TRY IT:
The reply must consist of the complete listing, reproduced exactly, with no images included.

[Opening SUPPLIED INFORMATION section]

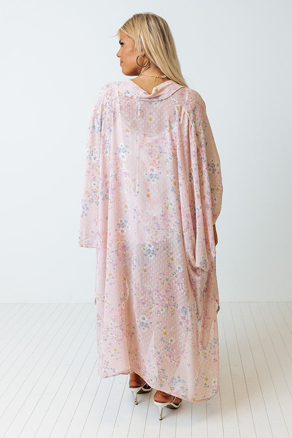 Breeze through summer in style with this fashionable plus size blush overlay featuring lightweight material patterned with a pretty floral print, oversized half sleeves, and a draped open-front silhouette that cascades into a straight mid-calf length hemline with accent side slits!
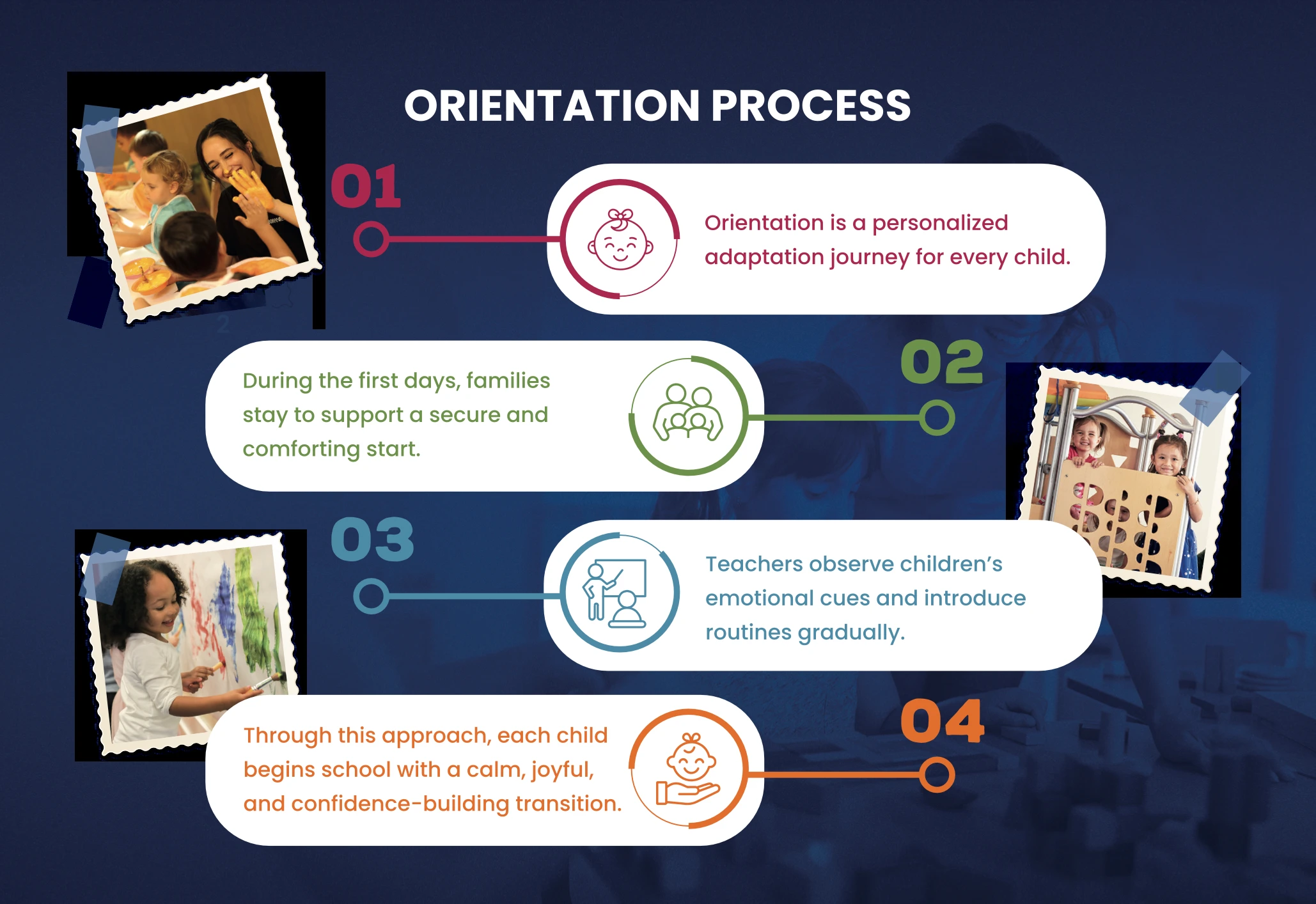 Our daily programs balance structured exploration with open-ended play, music, outdoor experiences, and creative work. This rhythm supports academic, emotional, physical, and social development equally. Teachers plan intentionally, observe progress, and document milestones — ensuring that every experience supports both confidence and competence.
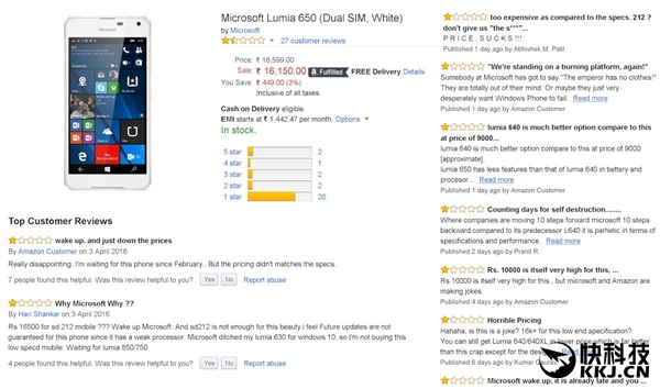然而据WMPU报道,作为新兵家必争之地的印度市场似乎对这款手机不买账,负面评论已然爆表,整体评价只有1.5颗星
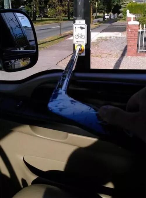 加拿大有很多行人控制的路口,有的时候你想左转,发现根本没有行人。主干道车流量大,等了几分钟都没法转。因为你是司机,也不可能解开安全带下车去按按钮。那么,为何不备一个冰球杆在车上呢?
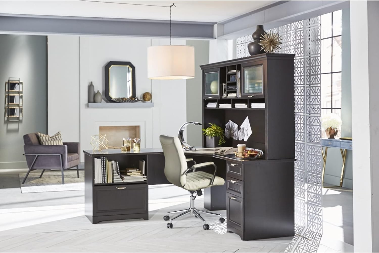 • When your computer, telephone and office essentials are centrally located at your office desk, optimizing your time during the workweek is that much simpler. Balancing elegant aesthetics and modern conveniences, this Magellan Performance 71"W desk has a concealed access point for cables and dedicated space for supplies, accessories and documents. Plus, this Realspace desk is equipped with a tray for your printer, so it's easier than ever to retrieve printouts.

[Closing SUPPLIED INFORMATION section]

TASK RESULT:
 Breeze through summer in style with this fashionable plus size blush overlay featuring lightweight material patterned with a pretty floral print, oversized half sleeves, and a draped open-front silhouette that cascades into a straight mid-calf length hemline with accent side slits!
 Our daily programs balance structured exploration with open-ended play, music, outdoor experiences, and creative work. This rhythm supports academic, emotional, physical, and social development equally. Teachers plan intentionally, observe progress, and document milestones — ensuring that every experience supports both confidence and competence.
然而据WMPU报道,作为新兵家必争之地的印度市场似乎对这款手机不买账,负面评论已然爆表,整体评价只有1.5颗星
 加拿大有很多行人控制的路口,有的时候你想左转,发现根本没有行人。主干道车流量大,等了几分钟都没法转。因为你是司机,也不可能解开安全带下车去按按钮。那么,为何不备一个冰球杆在车上呢?
 • When your computer, telephone and office essentials are centrally located at your office desk, optimizing your time during the workweek is that much simpler. Balancing elegant aesthetics and modern conveniences, this Magellan Performance 71"W desk has a concealed access point for cables and dedicated space for supplies, accessories and documents. Plus, this Realspace desk is equipped with a tray for your printer, so it's easier than ever to retrieve printouts.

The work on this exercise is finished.